Ask any person and they’ll tell you that the best way to get something imprinted on your brains is by making big fat mistakes. After all how else will we learn, right? But when it comes to making mistakes financially, you should tread very lightly. If you make a mistake financially you might end up losing most of your savings. You need to be very careful where and how you spend your money.
Here is a list of the top 7 most common financial mistakes that we make:
- Excessive Spending:It is important to remember that every penny counts. You might take it lightly when you order the costliest food on the menu, or when you spend on that ridiculously expensive dress which might never see the light of the day. You might think that such expenses once in a while might not make much of a difference. But it makes a lot of difference in the long term. Instead of spending money on such unnecessary expense, you can use the money to make the next mortgage payment.
- Using credit cards:Having a credit card to pay for the essential stuff in life is agreeable. But what about the time when you use your credit card to pay for the stuff you might not actually need? Using a credit card to pay for stuff increases the original price of the item. Depending on the credit card will make you spend much more than you actually earn. and then you decide to pay off your credit card debt using your savings, which is not a good idea. if you ever stuck in this kind of situation the best solution is taking a Personal Loan to clear out all of your debts.

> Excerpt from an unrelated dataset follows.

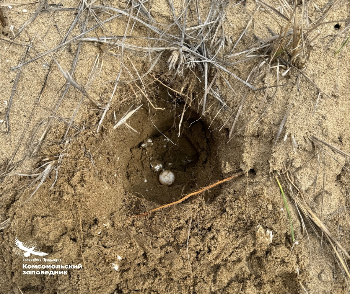 Еще летом, в конце июня, герпетолог обнаружил две кладки яиц черепахи, находились они в самой северной точки обитания, на острове Нижний Кеори. И уже при обследовании кладок в сентябре обнаружилось, что одну из них разорила норка.
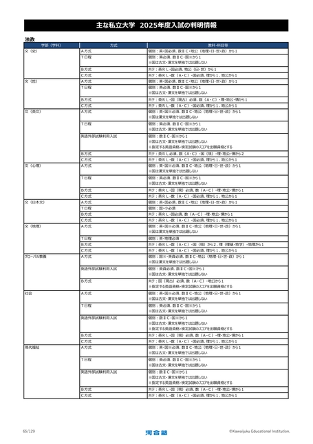 主な私立大学2025年度入試の判明情報学部(学科)方式A方式T日程B方式C方式A方式T日程B方式C方式A方式T日程英語外部試験利用入試B方式C方式A方式T日程B方式C方式A方式T日程B方式C方式A方式T日程B方式C方式A方式教科・科目等個別:英・国必須、数ⅡC・地公(地理・日・世・政)から1個別:英必須、数ⅡC・国※から1※国は古文・漢文を単独では出題しない共テ:英RL・国必須、地公(日・世)から1共テ:英RL・数(A・C)・国必須、理から1、地公から1個別:英・国必須、数ⅡC・地公(地理・日・世・政)から1個別:英必須、数ⅡC・国※から1※国は古文・漢文を単独では出題しない共テ:英RL・国(現古)必須、数(A・C)・理・地公・情から1共テ:英RL・数(A・C)・国必須、理から1、地公から1個別:英・国※必須、数ⅡC・地公(地理・日・世・政)から1※国は漢文を単独では出題しない個別:英必須、数ⅡC・国※から1※国は古文・漢文を単独では出題しない個別:数ⅡC・国※から1※国は古文・漢文を単独では出題しない※指定する英語資格・検定試験のスコアを出願資格とする共テ:英RL必須、数(A・C)・国(現)・理・地公・情から2共テ:英RL・数(A・C)・国必須、理から1、地公から1個別:英・国※必須、数ⅡC・地公(地理・日・世・政)から1※国は漢文を単独では出題しない個別:英必須、数ⅡC・国※から1※国は古文・漢文を単独では出題しない共テ:英RL・国(現)必須、数(A・C)・理・地公・情から1共テ:英RL・数(A・C)・国必須、理から1、地公から1個別:英・国必須、数ⅡC・地公(地理・日・世・政)から1個別:国・小必須共テ:英RL・国必須、数(A・C)・理・地公・情から1共テ:英RL・数(A・C)・国必須、理から1、地公から1個別:英・国※必須、数ⅡC・地公(地理・日・世・政)から1※国は漢文を単独では出題しない個別:英・地理必須共テ:英RL・数(A・C)・国(現)から2、理(理基・地学)・地理から1共テ:英RL・数(A・C)・国必須、理から1、地公から1個別:国※・英資必須、数ⅡC・地公(地理・日・世・政)から1※国は漢文を単独では出題しない法政文(史)文(哲)文(英文)文(心理)文(日本文)文(地理)グローバル教養社会現代福祉英語外部試験利用入試個別:英資必須、数ⅡC・国※から1※国は古文・漢文を単独では出題しないB方式A方式T日程英語外部試験利用入試B方式C方式A方式T日程英語外部試験利用入試B方式C方式共テ:国(現古)必須、数(A・C)・地公から1※指定する英語資格・検定試験のスコアを出願資格とする個別:英・国※必須、数ⅡC・地公(地理・日・世・政)から1※国は古文・漢文を単独では出題しない個別:英必須、数ⅡC・国※から1※国は古文・漢文を単独では出題しない個別:数ⅡC・国※から1※国は古文・漢文を単独では出題しない※指定する英語資格・検定試験のスコアを出願資格とする共テ:英RL・国(現)必須、数(A・C)・理・地公・情から1共テ:英RL・数(A・C)・国必須、理から1、地公から1個別:英・国※必須、数ⅡC・地公(地理・日・世・政)から1※国は古文・漢文を単独では出題しない個別:英必須、数ⅡC・国※から1※国は古文・漢文を単独では出題しない個別:数ⅡC・国※から1※国は古文・漢文を単独では出題しない※指定する英語資格・検定試験のスコアを出願資格とする共テ:英RL・国(現)必須、数(A・C)・理・地公・情から1共テ:英RL・数(A・C)・国必須、理から1、地公から165/129©KawaijukuEducationalInstitution.

- Monthly payments:Before buying new stuff that you might need to pay EMI for, think if you will actually need it. There is no point in buying stuffs if you are going to end up broke after paying for it every month. When the money is really tight and you need to save some money, living a simple life can help you a lot.
- Using credit cards:Having a credit card to pay for the essential stuff in life is agreeable. But what about the time when you use your credit card to pay for the stuff you might not actually need? Using a credit card to pay for stuff increases the original price of the item. Depending on the credit card will make you spend much more than you actually earn. and then you decide to pay off your credit card debt using your savings, which is not a good idea. if you ever stuck in this kind of situation the best solution is taking a Personal Loan to clear out all of your debts.
- Purchasing a new vehicle:A lot of new vehicles are made and sold across the world but only a few people can actually pay for vehicles in cash. Many people think that having an EMI option means they have an ability to afford the vehicle. When in reality, the inability to pay cash for the new vehicle means you cannot actually afford the vehicle. By borrowing the money for purchasing a new vehicle, you pay interest on the borrowed money, which means the money that you pay is more than the actual money of the car.
- Overspending on the house:When you are thinking of buying a new property, always keep in mind to look for a house that fits your needs. The bigger property you want to buy, the bigger the price you’ll have to pay for the same. After paying the price of the house you have to spend more money to decorate or renovate your house. If you are not financially healthy, you might end up taking a home loan or Personal Loan for the house improvement. But do you think it is wise to spend a huge part of your monthly income in EMIs if your current accommodations suffice your needs?
- Using your house for money:Refinancing your home loan can mean that the ownership of your house can to the one who is giving you a loan. It will cost you a lot of money in interests and fees. In the end, you might pay more than the actual amount of the house.
- Relying on your monthly income:The growing result of overspending puts people in a very dangerous position. The combination of needing every dime that you find and a missed paycheck will only make up for a disastrous combination. Whenever you are spending money on anything make sure you actually have the financial health to pay for it. It is necessary to do financial planning before making decisions and evaluating your financial health.